Directions: Leaving out the images, return the data below exactly as it is written.

Dataset content:
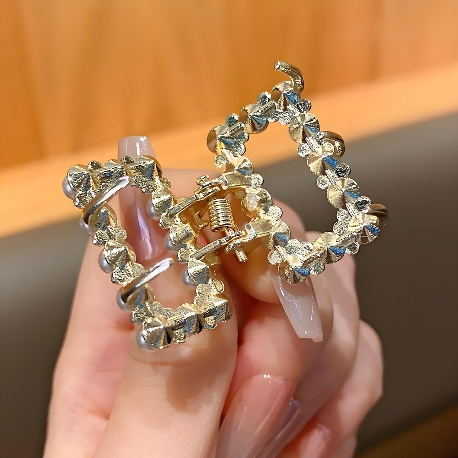 Elegant Design: Hair clip for women featuring delicate mini pearl accents and sparkling stone details; These hair clutchers for women offer sophisticated styling options for various occasions; The diamond hair accessories elevate your look with subtle shimmer and refined elegance
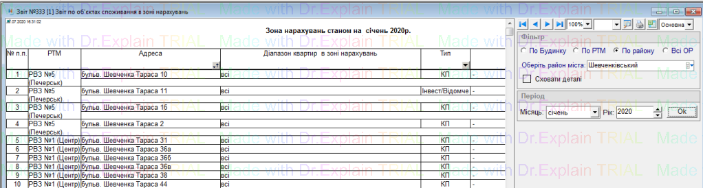 333 Звіт по об'єктах споживання в зоні нарахувань (діапазони квартир)
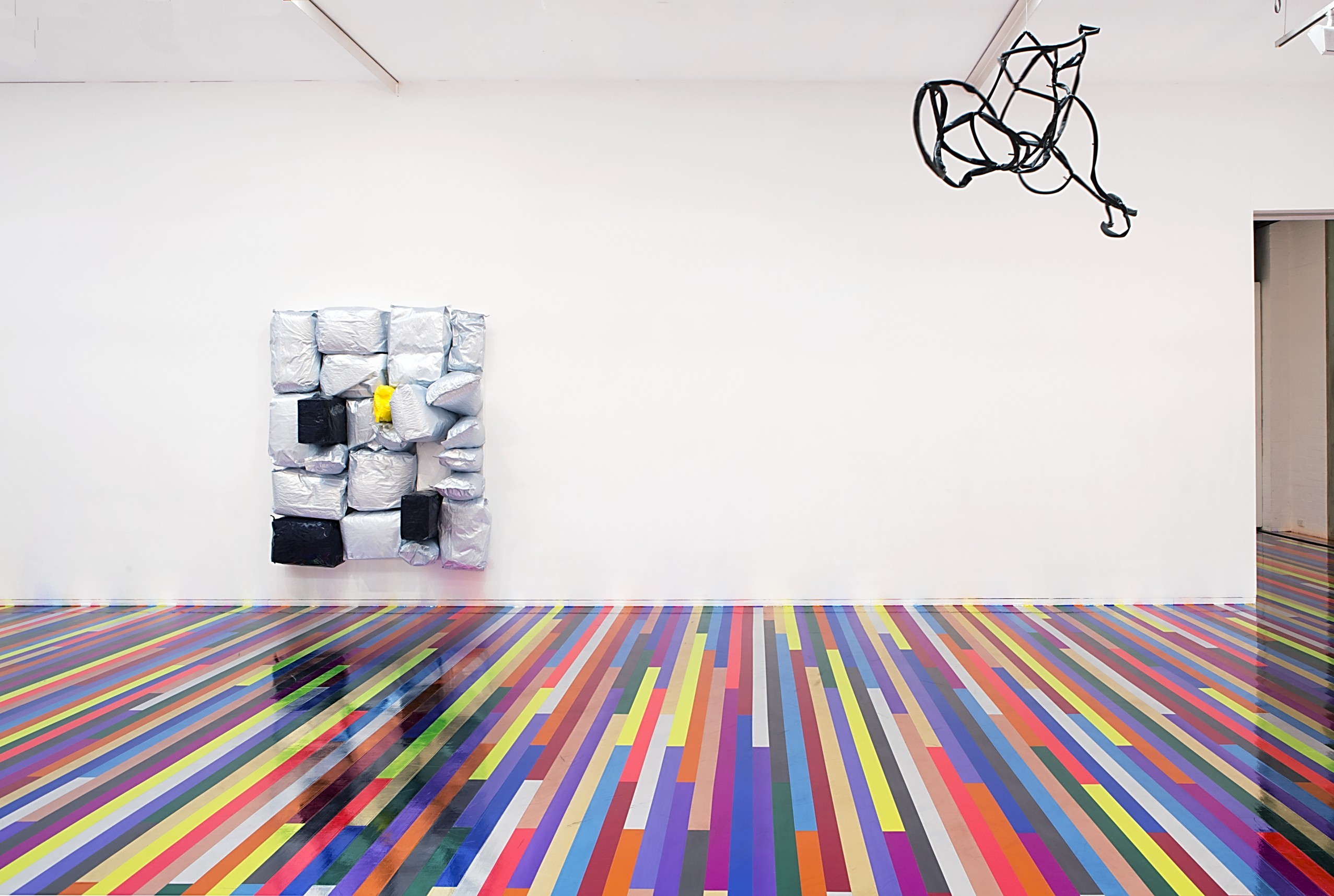 Having trained as a painter, Lambie’s reputation as a colourist precedes him. His use of colour over the years calls to mind Frank Stella’s famous comment, “Straight out of the can—it can’t get better than that.” In Australian terms, one thinks of the great colourist Michael Johnson and his ecstasy when applying colour straight from the tube. Lambie has used paint sprayed from a cannister or splashed from a tin across objects and installations—even Zobop’s colour is to a great extent prescribed by the availability of vinyl tape from commercial manufacturers. That purity of colour, along with the confinement to found objects that come to hand, is equivalent to a poet’s metre—a hemming in, so that one might have bounds from which to break free.
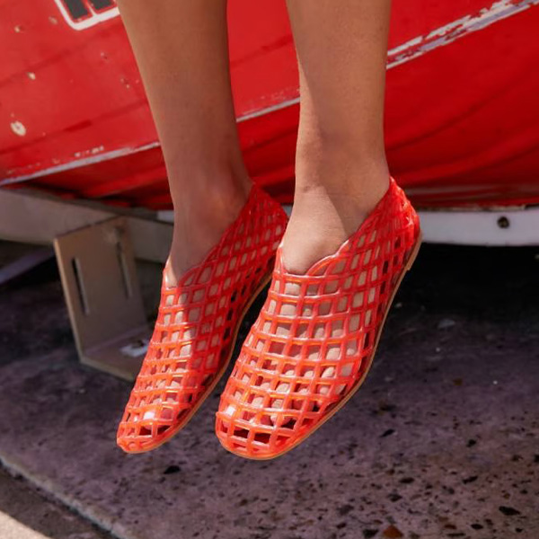 Strawberry rubber netting ballet flats featuring a branded insole, round toe, slip-on style, and flat rubber sole.
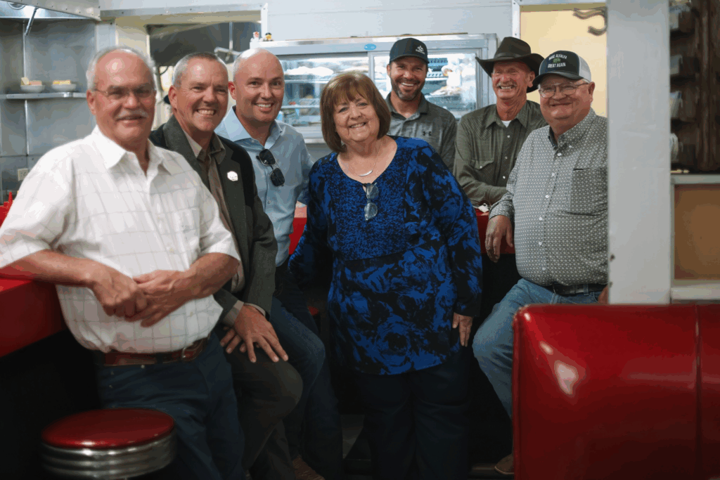 Utah’s Governor Spencer Cox made a visit to the Uintah Basin this week stopping first in Vernal. On Monday, Governor Cox enjoyed a walking tour of downtown Vernal with Mayor Doug Hammond, City Manager Quinn Bennion, and other local officials. “We welcomed Governor Cox and his economic development staff to Vernal to showcase our downtown renewal,” shares Bennion. “The team effort is recognized and applauded with small business owners locating, upgrading and expanding in the downtown district.” Governor Cox posted about the visit on his social media, sharing that three years ago, Vernal had 25 business vacancies on Main Street and today there are fewer than five. “With a strong local vision and downtown renewal plan, sales tax revenue has doubled, and Main Street is booming again,” shares Cox. While in Vernal, Governor Cox also presented the ‘Utah Treasure’ award to local Ann Stewart. “Through her businesses, volunteer work, and vision for the High Desert Center for the Arts,” shares Cox, “Ann is helping build a stronger future for the Uintah Basin.” Finally, before leaving the area on Tuesday, Governor Cox enjoyed a stop at Marion’s Variety in Roosevelt where he had lunch with Duchesne County leadership.
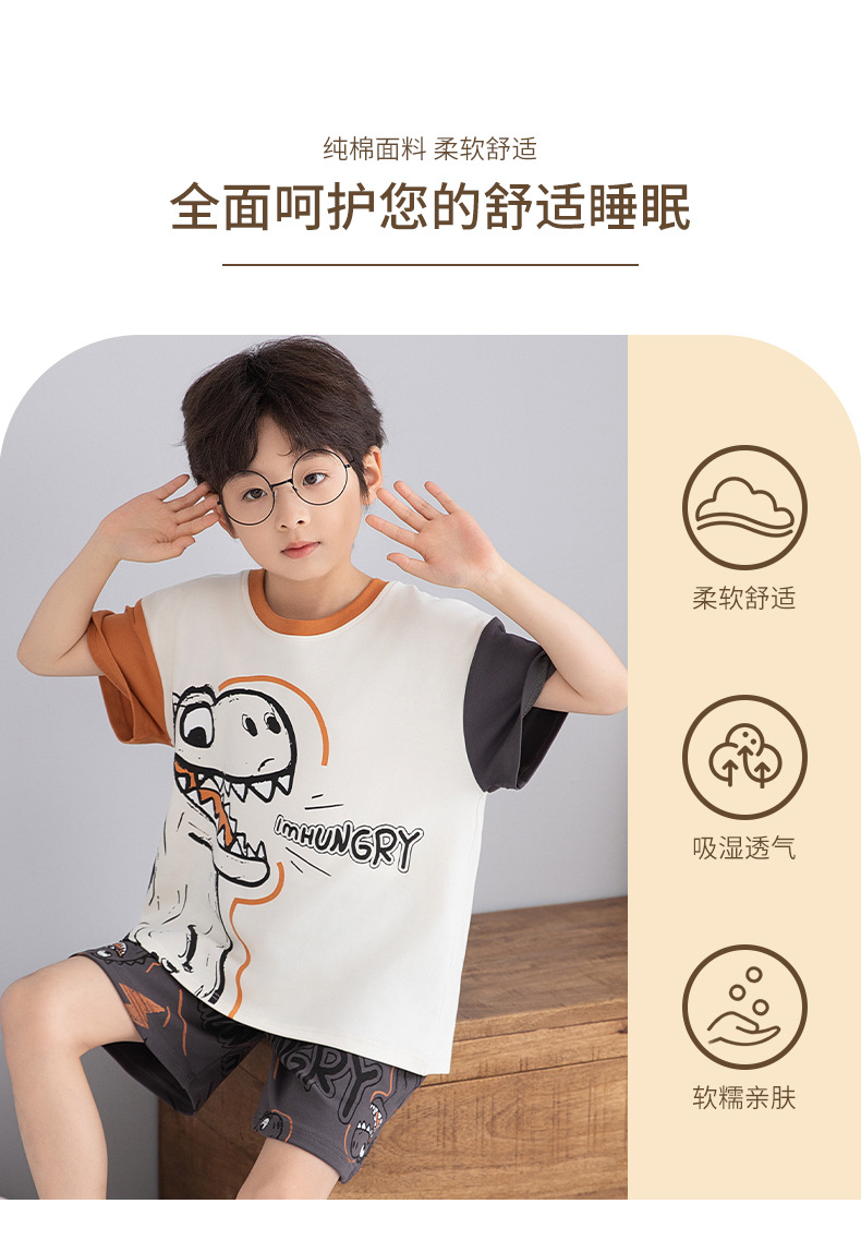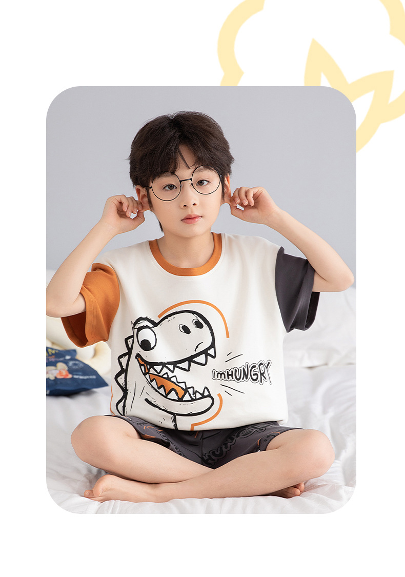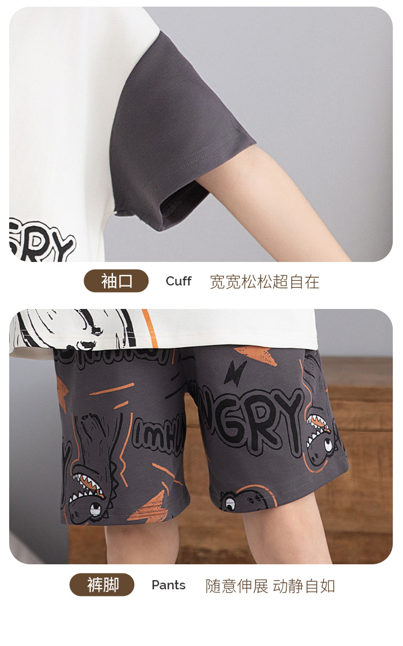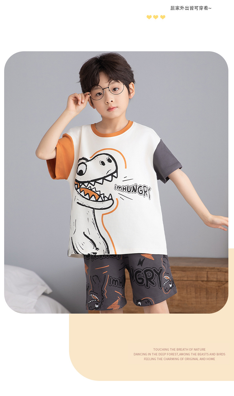 한국 스타일 소년 잠옷 여름 반팔 반바지 순수 코튼 소년 소년 중대형 어린이 만화 가정 의류 아동복스토어 가기

Answer for this exercise:
 Elegant Design: Hair clip for women featuring delicate mini pearl accents and sparkling stone details; These hair clutchers for women offer sophisticated styling options for various occasions; The diamond hair accessories elevate your look with subtle shimmer and refined elegance
 333 Звіт по об'єктах споживання в зоні нарахувань (діапазони квартир)
 Having trained as a painter, Lambie’s reputation as a colourist precedes him. His use of colour over the years calls to mind Frank Stella’s famous comment, “Straight out of the can—it can’t get better than that.” In Australian terms, one thinks of the great colourist Michael Johnson and his ecstasy when applying colour straight from the tube. Lambie has used paint sprayed from a cannister or splashed from a tin across objects and installations—even Zobop’s colour is to a great extent prescribed by the availability of vinyl tape from commercial manufacturers. That purity of colour, along with the confinement to found objects that come to hand, is equivalent to a poet’s metre—a hemming in, so that one might have bounds from which to break free.
 Strawberry rubber netting ballet flats featuring a branded insole, round toe, slip-on style, and flat rubber sole.
 Utah’s Governor Spencer Cox made a visit to the Uintah Basin this week stopping first in Vernal. On Monday, Governor Cox enjoyed a walking tour of downtown Vernal with Mayor Doug Hammond, City Manager Quinn Bennion, and other local officials. “We welcomed Governor Cox and his economic development staff to Vernal to showcase our downtown renewal,” shares Bennion. “The team effort is recognized and applauded with small business owners locating, upgrading and expanding in the downtown district.” Governor Cox posted about the visit on his social media, sharing that three years ago, Vernal had 25 business vacancies on Main Street and today there are fewer than five. “With a strong local vision and downtown renewal plan, sales tax revenue has doubled, and Main Street is booming again,” shares Cox. While in Vernal, Governor Cox also presented the ‘Utah Treasure’ award to local Ann Stewart. “Through her businesses, volunteer work, and vision for the High Desert Center for the Arts,” shares Cox, “Ann is helping build a stronger future for the Uintah Basin.” Finally, before leaving the area on Tuesday, Governor Cox enjoyed a stop at Marion’s Variety in Roosevelt where he had lunch with Duchesne County leadership.
 한국 스타일 소년 잠옷 여름 반팔 반바지 순수 코튼 소년 소년 중대형 어린이 만화 가정 의류 아동복스토어 가기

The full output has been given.